Hundt: Well, I don’t know. So the American Green Bank consortium is getting redone, and it’s going to be, I guess we have to think of a name for it, but I think of it as the new American Green Bank Consortium. The core group is going to be the sub-awardees, because they’re the ones where we know we can get the money. Who else should be in it? The answer is, we didn’t win the CCIA money, so we don’t have a $1.7 billion to offer the ‘who else’ category. So, so honestly, we’re feeling our way to figuring out how many we can economically support. And also we’re waiting for the election. After the election, we want to touch base with all the senators and all the governors and ask whether they have any preference.
So, let’s go back to the beginning of time. You know when we committed as a nonprofit to set up the Connecticut Green Bank, our first step was to talk to the governor, Dan Malloy, who had just been elected. Dan Esty, who was taking a leave of absence from the Yale Law School, Dan and I talked to a governor. The governor said, ‘Yeah, I want to do this. You work it out.’ And with Dan Esty in the lead, we got legislation passed in the legislature and got the first appropriation. So if you can get the legislature to add more money, then you’re solving the problem of, how do you get more money.
Overall? We need more money. We need a lot more.
ImpactAlpha: How much impact will the election have? What’s at stake?
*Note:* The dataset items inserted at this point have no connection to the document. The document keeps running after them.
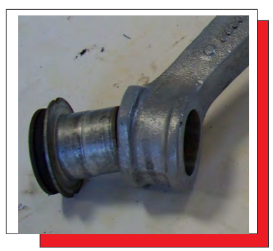
Factory bushing metal shell must be pressed out of upper control arm for Energy Suspension polyurethane bushings to fit properly.
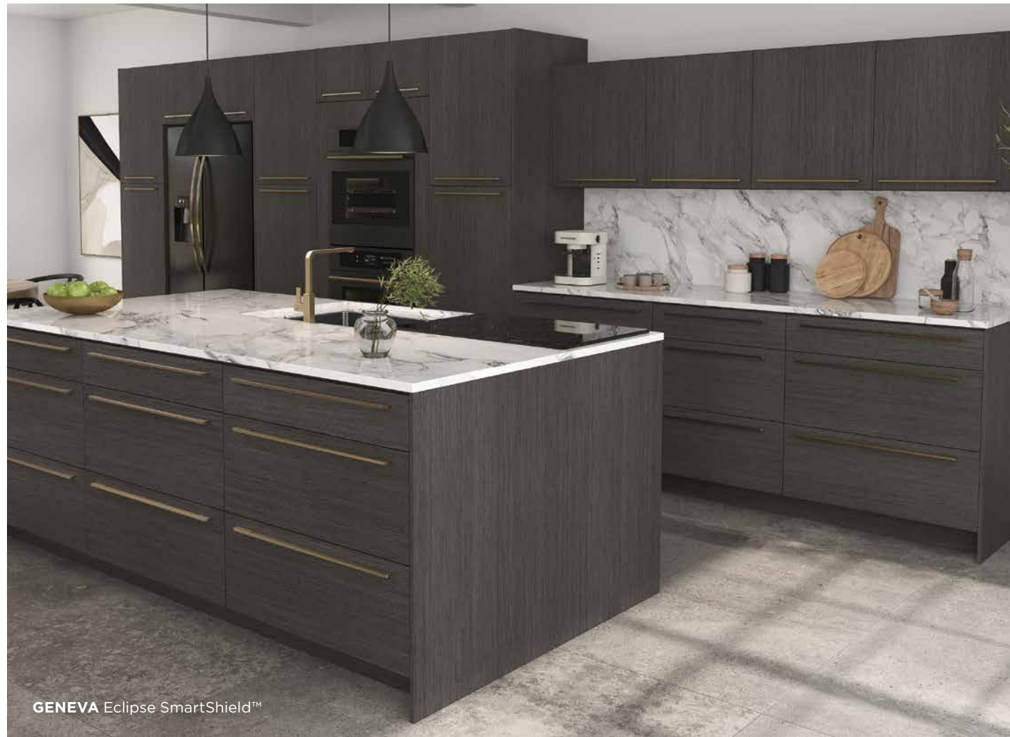
GENEVA Eclipse SmartShield™
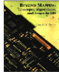
Beyond Mapping book

Characterizing Spatial Coincidence the Computer's Way — describes point-by-point overlay techniques
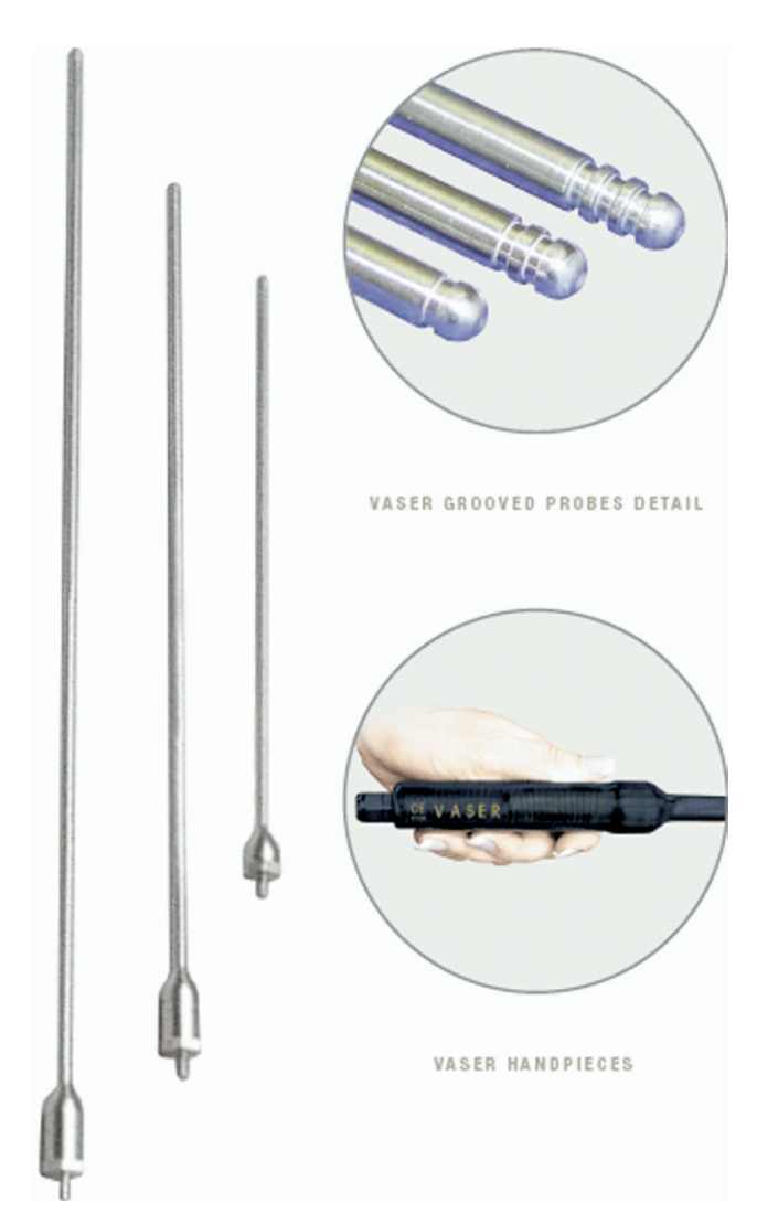
Figure 5 VASER ultrasound-assisted liposuction device. Ultrasonic probe with small grooves to disperse vibratory energy and maximize fat fragmentation efficiency. (Color version of figure is available online.)

Powered lipoplasty, also termed vibroliposuction by Malak and Rebelo, incorporates a motor- or pneumatic-driven sys-
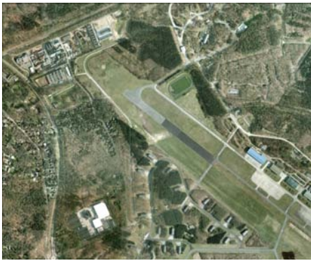
Sample design former Military airport: Present situation
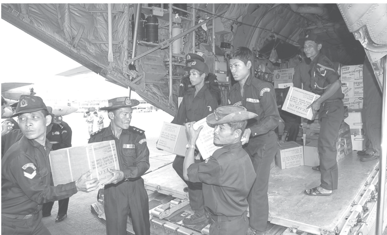
Members of Fire Brigade unloading relief aids donated by Greece from the flight.—MNA

Next, the minister attended the cash and kind donation ceremony of Air Bagan Ltd at the control office in the township. The officials of Air Bagan Ltd donated K 100million, 1000 bags of rice, 50 52-gallon tanks of palm oil, medicines and dry rations work K 100 million to the storm victims.—MNA
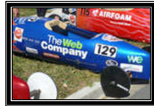
Lewins Electrical Tass Print The Web Company; Waitakere Enterprise;
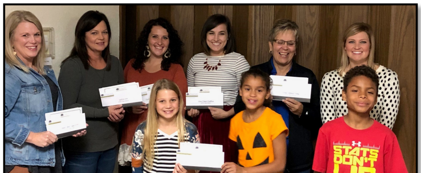
BARBER COUNTY COMMUNITY GRANT RECIPIENTS
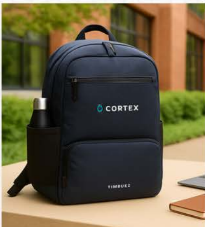
TIMBUK2 CITY COMPASS CORE PACK

And do you have contingency plans?
Hundt: We’re going to do step one regardless of who wins the election, which is, we’re going to talk to every senator, incumbent or elected, we’re going to talk to every governor, no matter who it is. Two thirds of all the emissions in the country come from red states. You can’t be in the business of having a clean power platform only in Democratic states. The United States as a whole, along with China, is the biggest emitter in the world. So we need a national solution.
And a national solution means that most of the investment and most of the change has to occur in Red states. That’s our self appointed mission. That’s our goal. And maybe some other award winners are thinking of things in a more regional way. Not us. We are national.
ImpactAlpha: Okay, so that is going to happen regardless of who wins, but are there other differences in how you’ll move forward?
Hundt: Well, you know, I would be foolish to say, because I simply have no idea. If a political party populated by critics of the government supporting clean power, if that’s the political party that owns the White House or the House or the Senate, I don’t know how dramatic or extensive their actions would actually be. So I have to say I just don’t know. But I will say that there is no lawful way to get the money back, and any attempt to get the money back would be a violation of the Fifth Amendment of the Constitution as a takings.
It’s not something we’re just doing because of the election. It’s what we’ve been doing for 15 years.